Нестеров не закричал, не вскочил — он только вытянулся на койке так, что ноги уперлись в железные планки кровати и прогнули их.
Затаив дыхание, он слушал этот шум, доносившийся сюда за двадцать километров от города. Было так, словно товарищи разговаривали с ним, утешали его и успокаивали: ничего плохого не случилось, пока он лечился, но, конечно, надо поскорей вернуться, дело не ждет, он нужен там, откуда они говорили с ним…
В один из особо тяжелых дней, когда прибыло множество раненых, Нестерова эвакуировали в тыл.
Приказ генерала Бушуева больше не действовал, да и кто бы отыскал Нестерова в его странствии по госпиталям, и капитан стал надеяться, что он еще вернется в свой батальон. Но в подмосковном госпитале он понял, что это ему не удастся.
— Слишком много железа приняли внутрь, молодой человек, — пошутил главный врач, заканчивая осмотр.
Врач был веселый человек, он шутил, несмотря на то что день и ночь оперировал бойцов.
Нестеров понимал, что этим врач спасает себя от усталости и горя. И он прощал многое, что говорил этот как будто безжалостный человек другим командирам и солдатам, но, услышав свой приговор, дрогнул и сжал кулаки. Доктор заметил это и сказал устало и грустно:
— Ну что вы волнуетесь, Сергей Николаевич? Руки и ноги у вас целы, голова на плечах, сшили вас как полагается, а вы все недовольны. Посмотрите-ка на инвалидов восьмой палаты, вот кому надо грустить, а они у себя школу открыли, к долгой, а главное — к плодотворной жизни готовятся. Ей-богу, голубчик, вам волноваться нечего.
— Я хочу на фронт, — глухо сказал Нестеров.
— Ну что вы, голубчик, Гитлера и без вас добьют. Смотрите, остановили же его, подлеца.
— Я сам, своими руками… — начал и не закончил Нестеров, выбросив на стол стиснутые кулаки.
— И это возможно, — радушно сказал доктор и указал рукой за окно, словно предлагал весь мир, что лежал за стенами госпиталя. — Вы кем были до войны?
— Геологом.
— Вот и возвращайтесь к своей работе поскорей. Отправляйтесь в экспедицию, разыщите какой-нибудь молибден или вольфрам и еще не одного фашиста убьете. А простор-то какой! Ей-богу, кончится война, уеду я в лес, построю избушку и займусь охотой!
Он сказал это с таким вкусом, словно и в самом деле годами мечтал о такой вот простой жизни. Но Нестеров знал, что так же утешал главный врач десятки людей, которые уходили из его госпиталя в жизнь, оставляя здесь иной раз не только тот излишек железа, что приняли в свой организм, но и руку или ногу.
Значит, все складывается так, что ему предстоит выполнить приказ генерала.
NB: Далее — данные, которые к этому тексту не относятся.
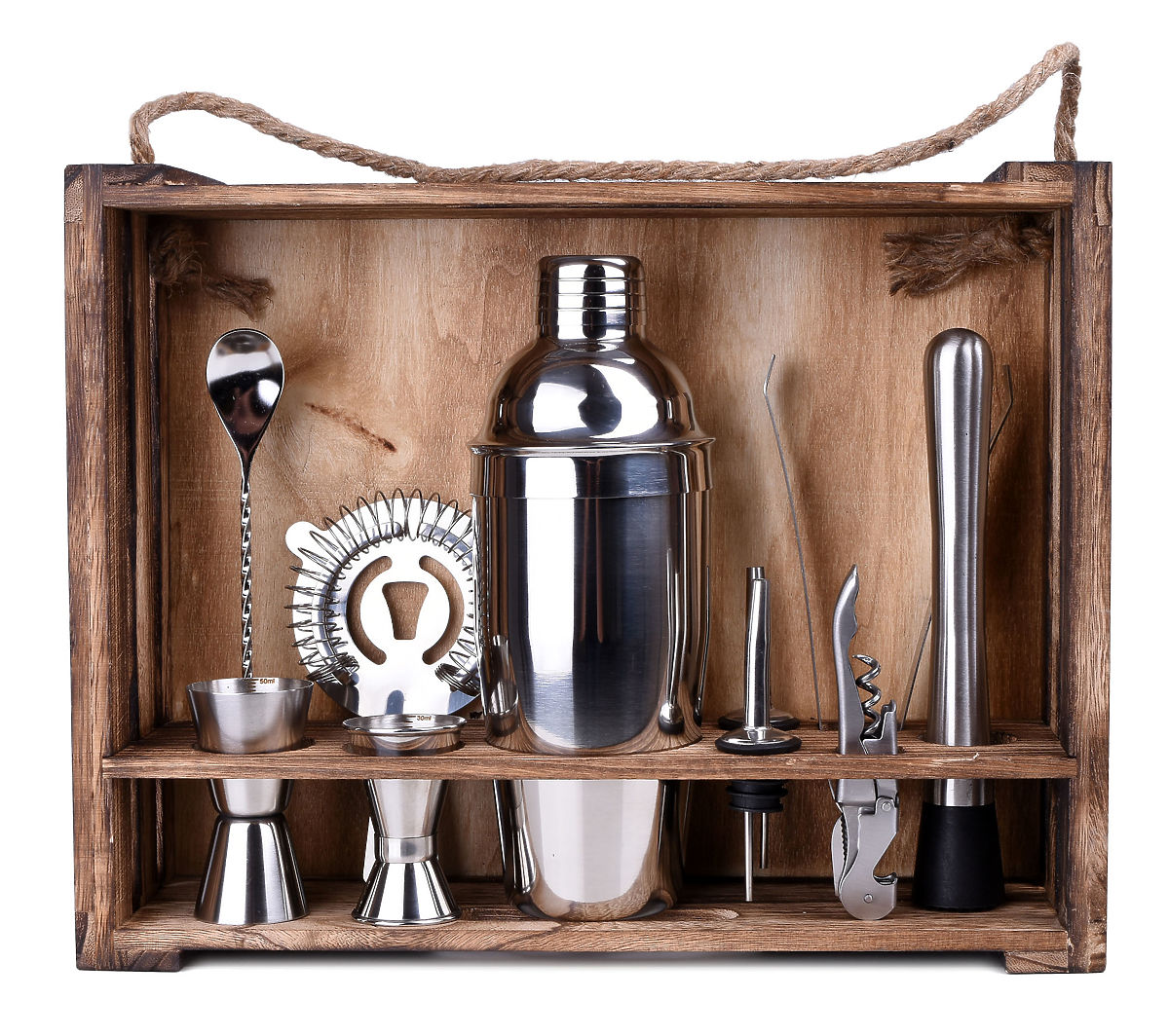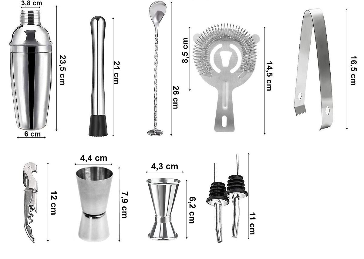 Prirejate zabavo in želite presenetiti svoje goste? Barmanski set vam bo pomagal popestriti zabavo in pripraviti izvirne, zanimive pijače. Vsak element seta je izdelan iz najkakovostnejšega nerjavečega jekla, kar zagotavlja, da ne spreminja okusa pijač. Set vsebuje kar 11 elementov: 10 nerjavečih dodatkov in stojalo iz borovega lesa, ki je bilo karbonizirano.

И хотя он все еще не мог помыслить о том, что ему нет места в армии, где-то в душе уже теснились мысли о будущем. Это будущее было малоутешительным, но в нем, как отдаленная молния, иногда просверкивала надежда. А вдруг ему еще удастся свести счеты с фашистами.
Однако как это трудно — перестраивать все свои мысли, чувства, силы и желания на иной лад! И никто не поможет ему!
Единственной радостью в эти дни были Варины письма.
Нежные и милые, они были полны тревог за него, — она догадывалась, что он ранен тяжело, но не было в них того тягостного вопроса, которого боятся все лежащие в госпиталях: а не стал ли ты инвалидом? Нестеров не однажды видел, как тяжело переживали раненые звучащую в иных письмах боязнь чужого калечества. Но и в последнем Варином письме, полученном, уже перед самым отъездом, звучало то же самое желание увидеться поскорее… Варя даже настаивала, чтобы он вызвал ее к себе, — хотела сама ухаживать за ним. И, верная своему обыкновению, посылала последнюю фотографию.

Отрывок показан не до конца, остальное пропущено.